# Task brief
Your task is to copy the data exactly while leaving out every picture.

# Given data
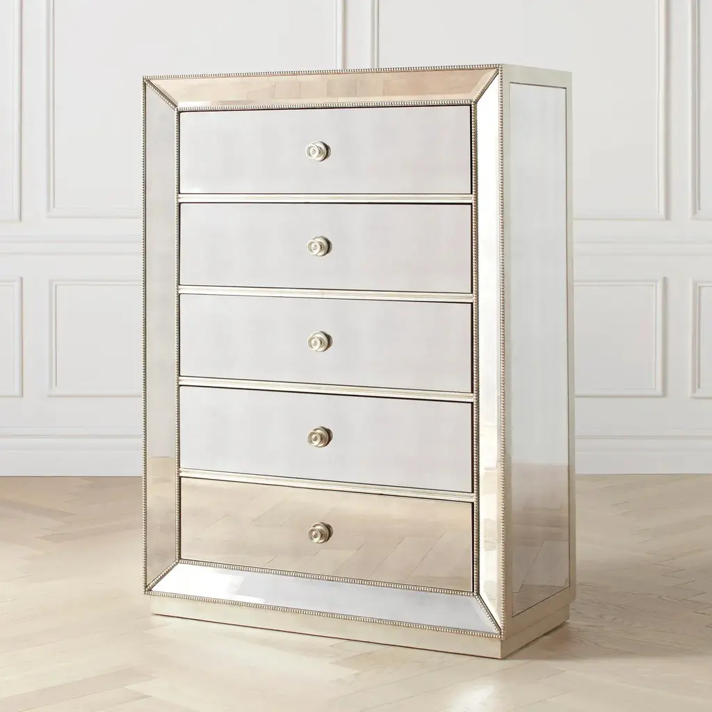 Topped with antiqued mirror paneling, the pieces in our Omni Collection deliver instant drama and shine to the bedroom. Designed to complement a variety of decor styles, each features a streamlined silhouette and charming beaded trim with a hand-applied silver-leaf finish. room. Click here to learn more about the Omni Collection - Omni Care Card
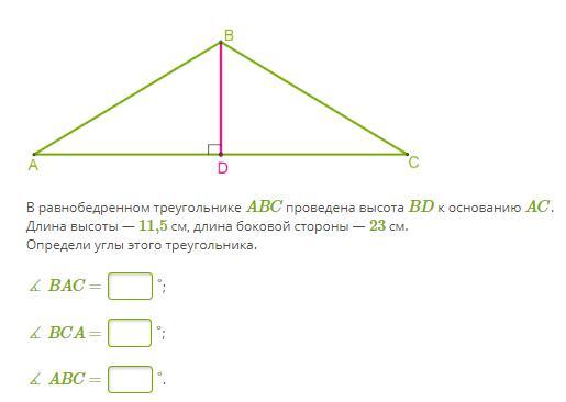 DB = 11,5 см, AB = BC = 23 см ⇒ ∠BAD(∠BAC) = ∠BCD(∠BCA) = 30°
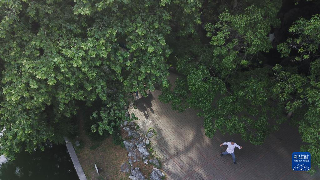 2021年5月5日,市民在合肥市環(huán)城公園健身(無(wú)人機照片)。

# Exercise result
 Topped with antiqued mirror paneling, the pieces in our Omni Collection deliver instant drama and shine to the bedroom. Designed to complement a variety of decor styles, each features a streamlined silhouette and charming beaded trim with a hand-applied silver-leaf finish. room. Click here to learn more about the Omni Collection - Omni Care Card
 DB = 11,5 см, AB = BC = 23 см ⇒ ∠BAD(∠BAC) = ∠BCD(∠BCA) = 30°
 2021年5月5日,市民在合肥市環(huán)城公園健身(無(wú)人機照片)。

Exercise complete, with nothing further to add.